→ **Task directions**:
The lines from the one containing "Before we go" through the last line below, both ends included, must be reproduced exactly, with no pictures.

→ **Information supplied**:
--

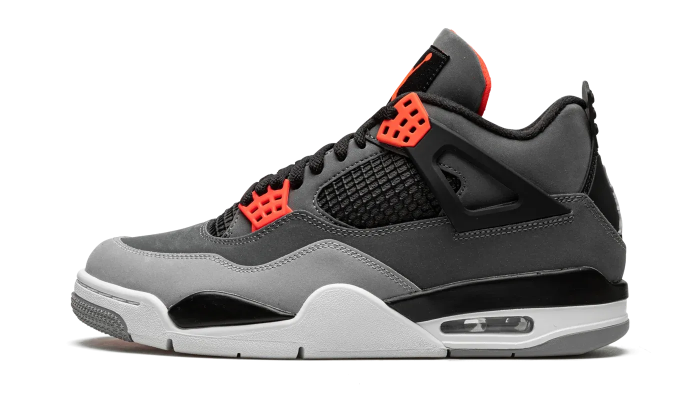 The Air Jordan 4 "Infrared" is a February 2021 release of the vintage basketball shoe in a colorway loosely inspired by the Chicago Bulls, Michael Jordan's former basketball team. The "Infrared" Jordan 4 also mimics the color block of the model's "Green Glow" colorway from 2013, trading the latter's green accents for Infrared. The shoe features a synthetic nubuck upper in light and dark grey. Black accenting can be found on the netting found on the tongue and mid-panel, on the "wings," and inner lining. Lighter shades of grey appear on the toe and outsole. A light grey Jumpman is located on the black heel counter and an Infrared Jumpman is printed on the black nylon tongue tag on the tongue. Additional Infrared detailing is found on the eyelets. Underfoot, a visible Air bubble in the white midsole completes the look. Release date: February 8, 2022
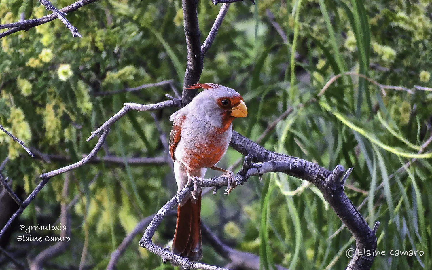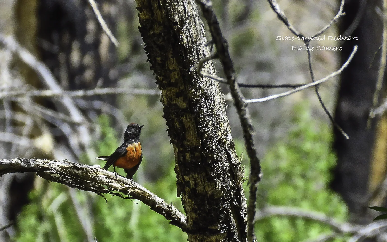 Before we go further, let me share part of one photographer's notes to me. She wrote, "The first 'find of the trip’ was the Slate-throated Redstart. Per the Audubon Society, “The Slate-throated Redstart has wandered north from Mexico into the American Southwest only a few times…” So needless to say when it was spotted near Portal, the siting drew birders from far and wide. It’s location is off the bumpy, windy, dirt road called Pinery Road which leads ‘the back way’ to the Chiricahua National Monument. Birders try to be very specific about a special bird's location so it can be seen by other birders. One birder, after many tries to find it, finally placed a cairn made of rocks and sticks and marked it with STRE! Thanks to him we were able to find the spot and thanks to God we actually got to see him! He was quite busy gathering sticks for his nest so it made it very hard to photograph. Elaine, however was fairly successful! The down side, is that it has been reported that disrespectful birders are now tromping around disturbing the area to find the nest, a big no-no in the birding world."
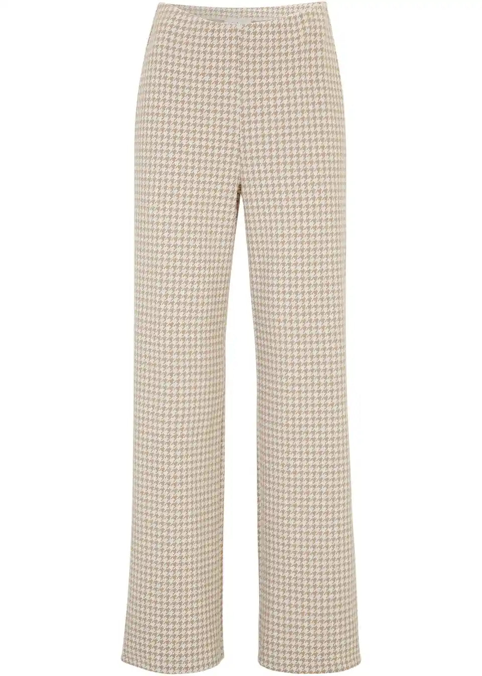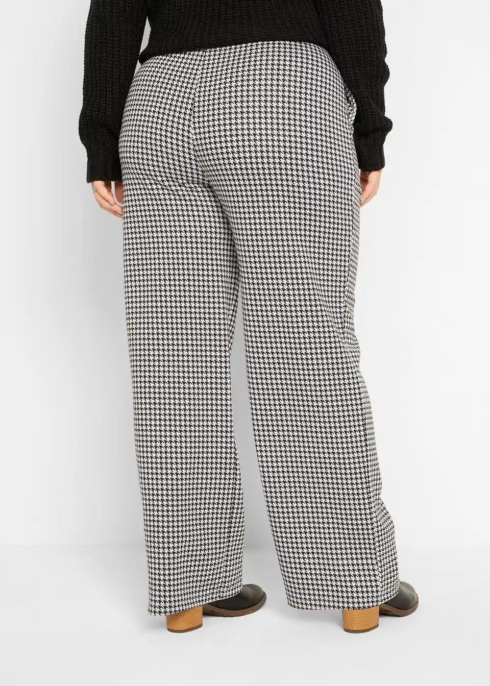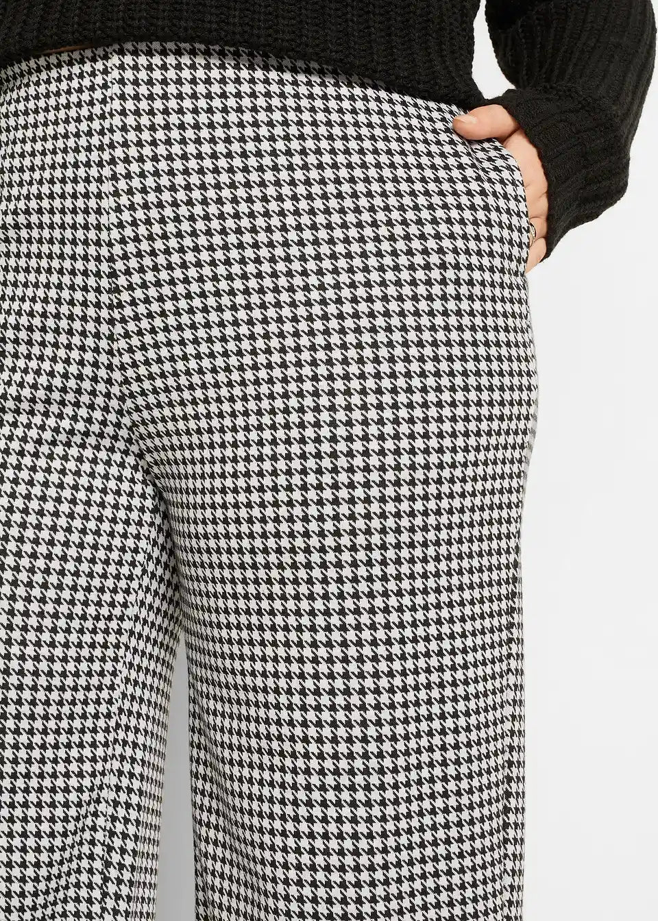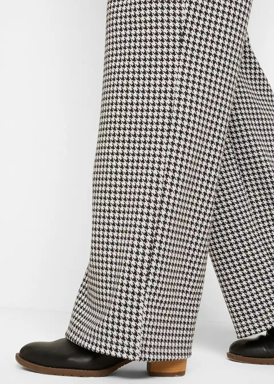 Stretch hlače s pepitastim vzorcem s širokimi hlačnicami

--

→ **Task output**:
 Before we go further, let me share part of one photographer's notes to me. She wrote, "The first 'find of the trip’ was the Slate-throated Redstart. Per the Audubon Society, “The Slate-throated Redstart has wandered north from Mexico into the American Southwest only a few times…” So needless to say when it was spotted near Portal, the siting drew birders from far and wide. It’s location is off the bumpy, windy, dirt road called Pinery Road which leads ‘the back way’ to the Chiricahua National Monument. Birders try to be very specific about a special bird's location so it can be seen by other birders. One birder, after many tries to find it, finally placed a cairn made of rocks and sticks and marked it with STRE! Thanks to him we were able to find the spot and thanks to God we actually got to see him! He was quite busy gathering sticks for his nest so it made it very hard to photograph. Elaine, however was fairly successful! The down side, is that it has been reported that disrespectful birders are now tromping around disturbing the area to find the nest, a big no-no in the birding world."
 Stretch hlače s pepitastim vzorcem s širokimi hlačnicami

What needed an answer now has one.